What you are asked to do: Word for word, copy all the data and drop the pictures.

Recorded information:
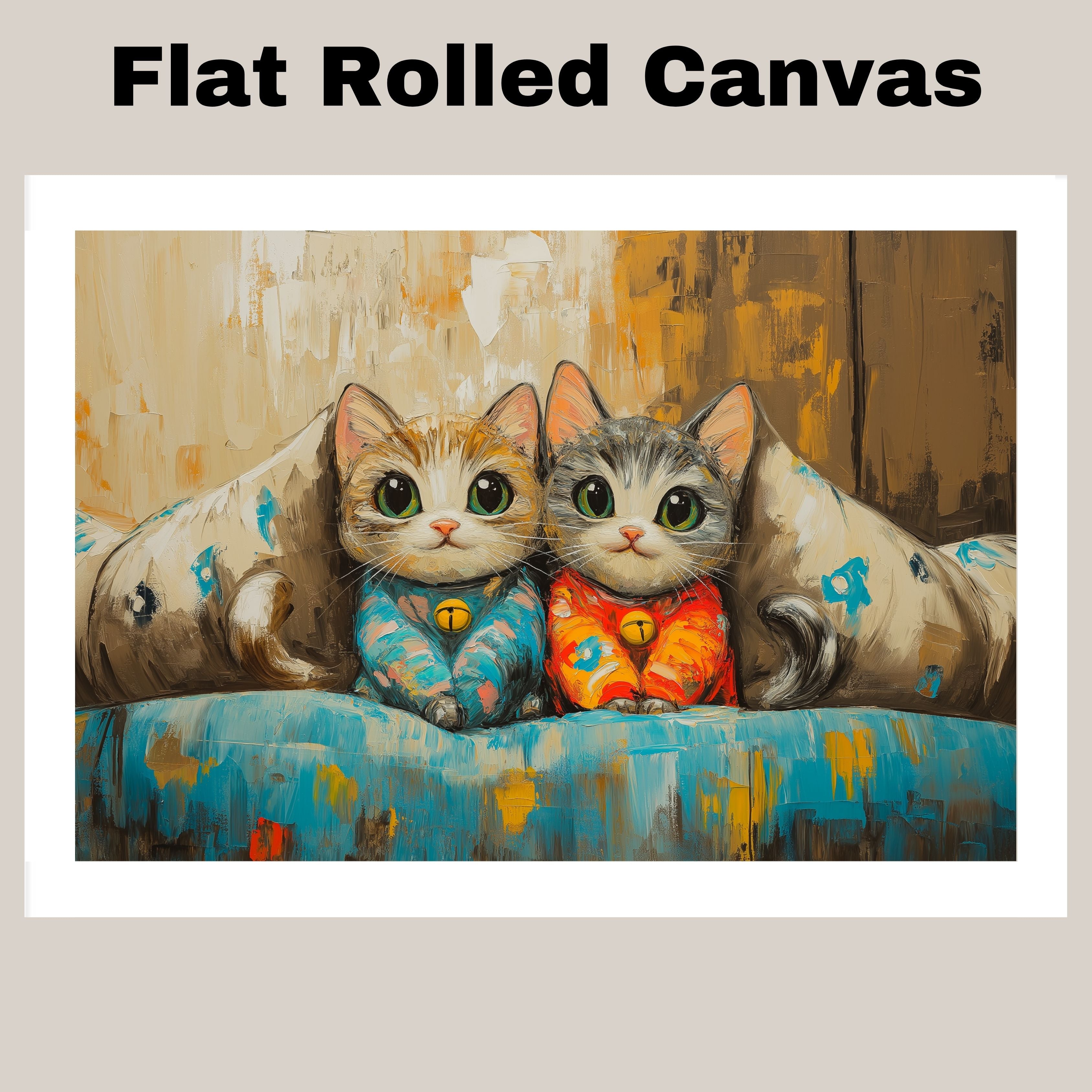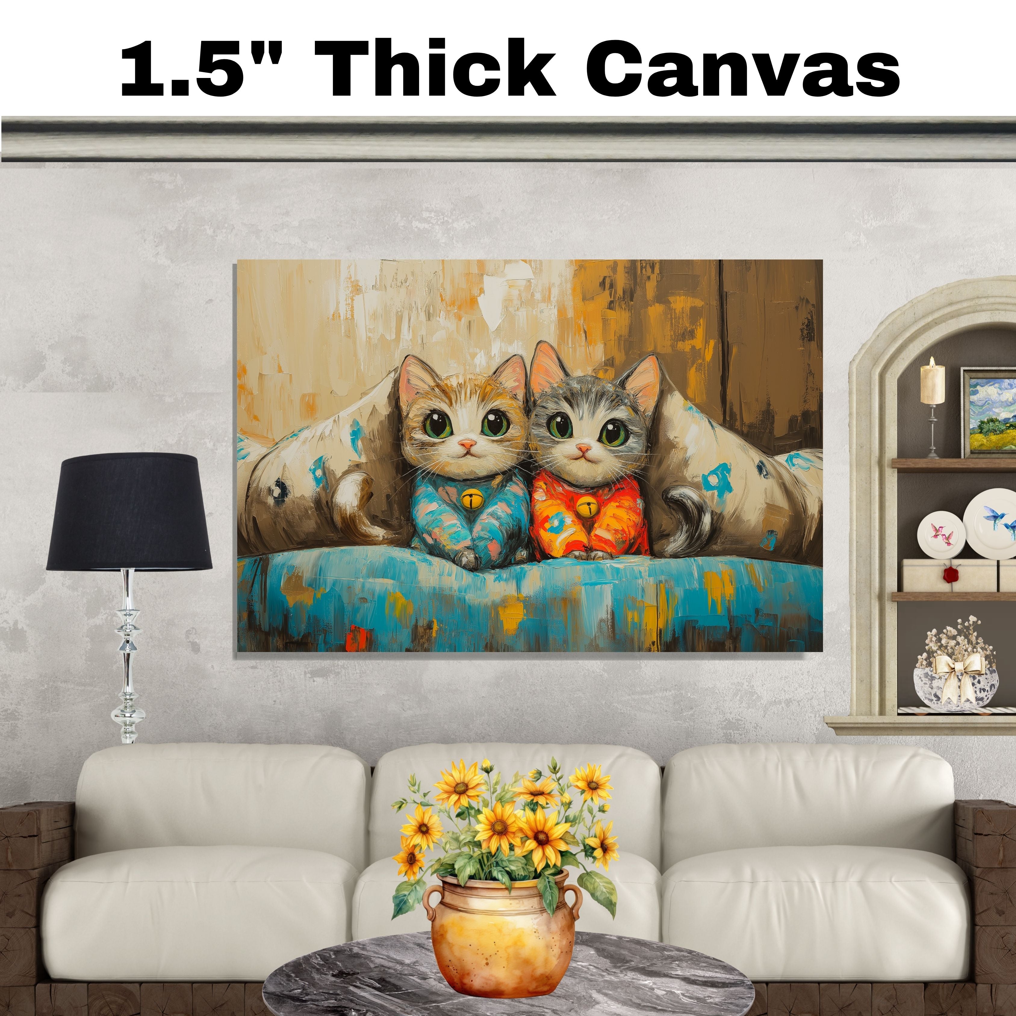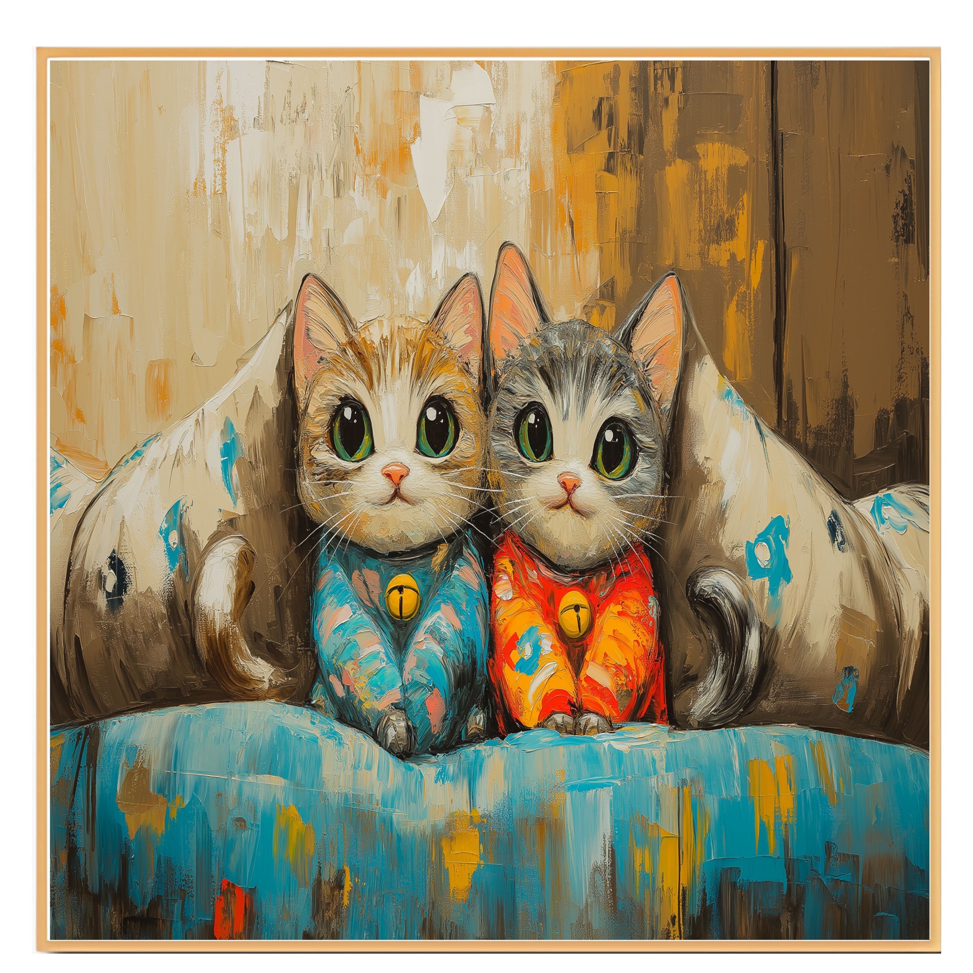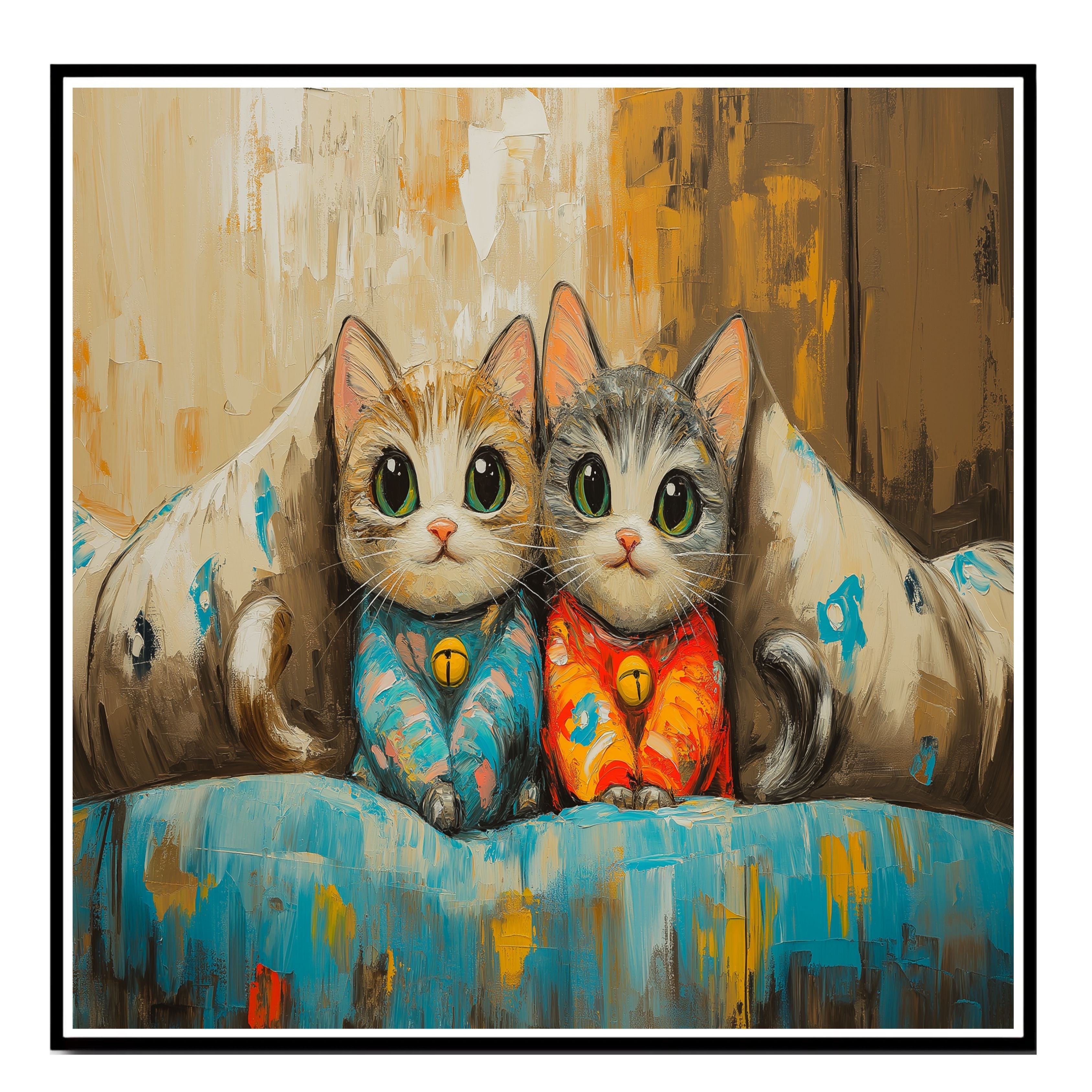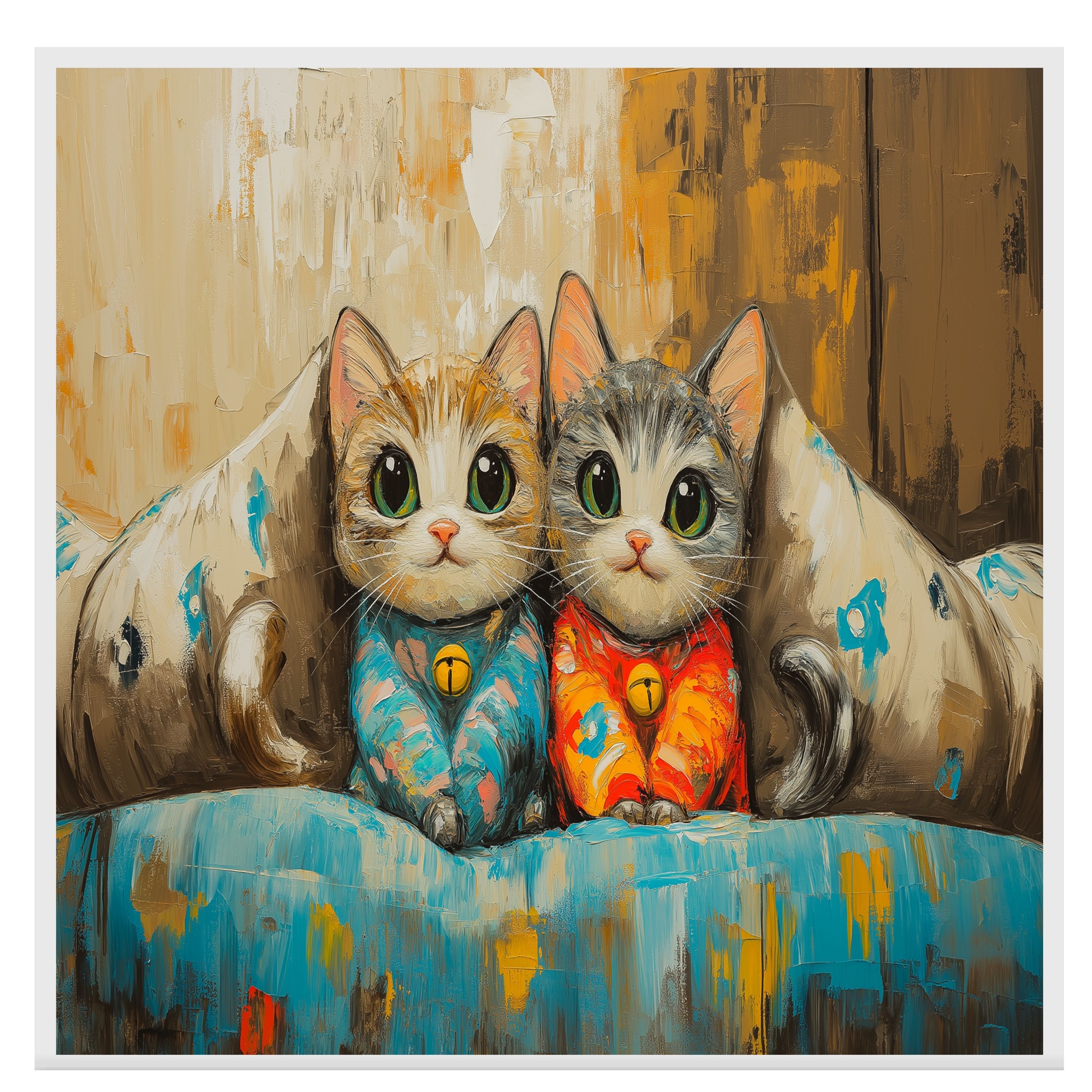 This heartwarming painting showcases two sweet kittens in colorful pajamas sitting close together on a playful couch. Their big green eyes and soft fur are painted with expressive brushwork that adds charm and character. A delightful piece for cat lovers and those who adore cozy, whimsical art with a touch of fun.
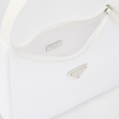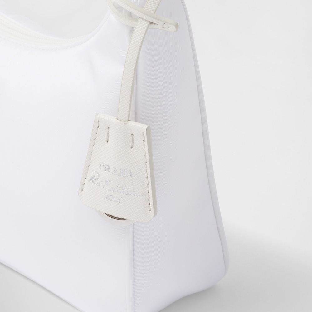 A new interpretation of an iconic Prthtada style, the Re-Edition 2000 mini-bag is made of innovative Re-Nylon, produced from recycled, purified plastic trash collected in the ocean, fishing nets, and textile waste fibers. The accessory with zipper closure and woven tape handle is decorated with the iconic enameled metal triangle logo.
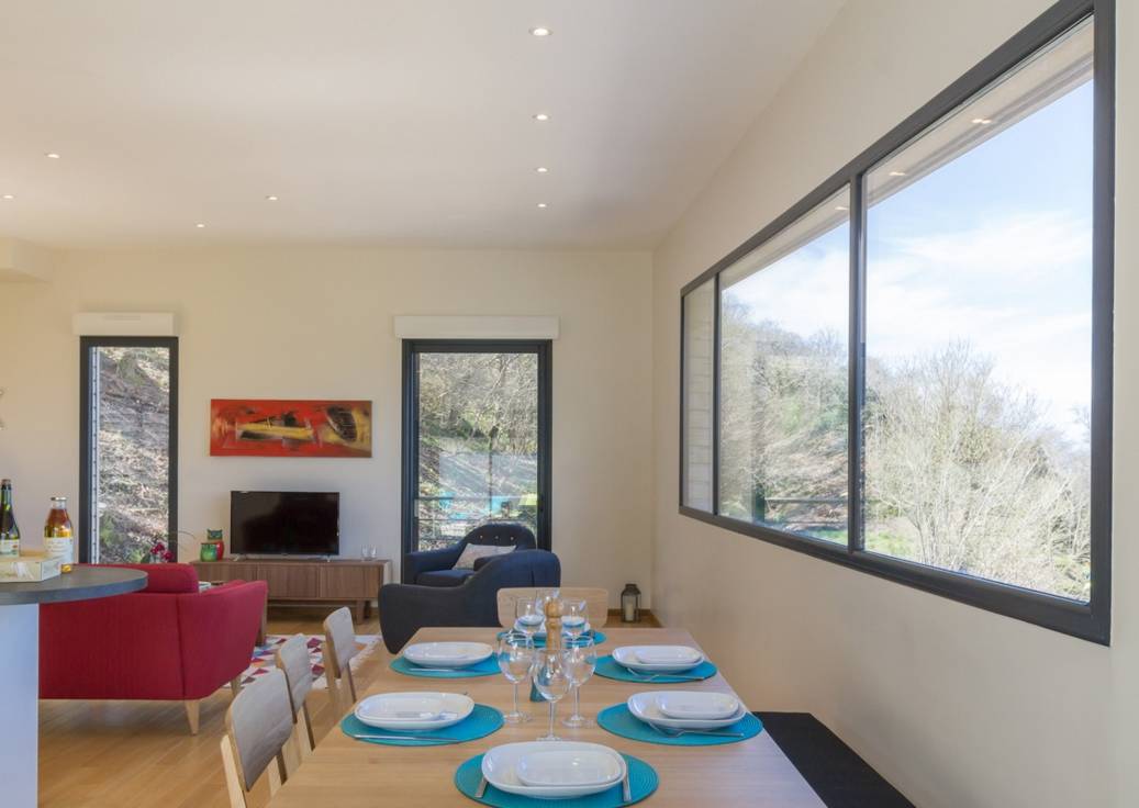 Sur le flanc abrupt d'une colline boisée, cette villa contemporaine offre un panorama magnifique sur l'anse de Vauville. L'immense plage de Siouville bordée par la cap de la Hague est un décor inoubliable. Le vaste séjour en parquet avec ses couleurs chatoyantes est un lieu de vie unique que vous aurez peine à quitter. Chaque grand vitrage est comme un tableau, tantôt végétal, tantôt maritime. Telle une cabane perchée, vous aurez ce sentiment génial d'être seul au monde.

Solution:
 This heartwarming painting showcases two sweet kittens in colorful pajamas sitting close together on a playful couch. Their big green eyes and soft fur are painted with expressive brushwork that adds charm and character. A delightful piece for cat lovers and those who adore cozy, whimsical art with a touch of fun.
 A new interpretation of an iconic Prthtada style, the Re-Edition 2000 mini-bag is made of innovative Re-Nylon, produced from recycled, purified plastic trash collected in the ocean, fishing nets, and textile waste fibers. The accessory with zipper closure and woven tape handle is decorated with the iconic enameled metal triangle logo.
 Sur le flanc abrupt d'une colline boisée, cette villa contemporaine offre un panorama magnifique sur l'anse de Vauville. L'immense plage de Siouville bordée par la cap de la Hague est un décor inoubliable. Le vaste séjour en parquet avec ses couleurs chatoyantes est un lieu de vie unique que vous aurez peine à quitter. Chaque grand vitrage est comme un tableau, tantôt végétal, tantôt maritime. Telle une cabane perchée, vous aurez ce sentiment génial d'être seul au monde.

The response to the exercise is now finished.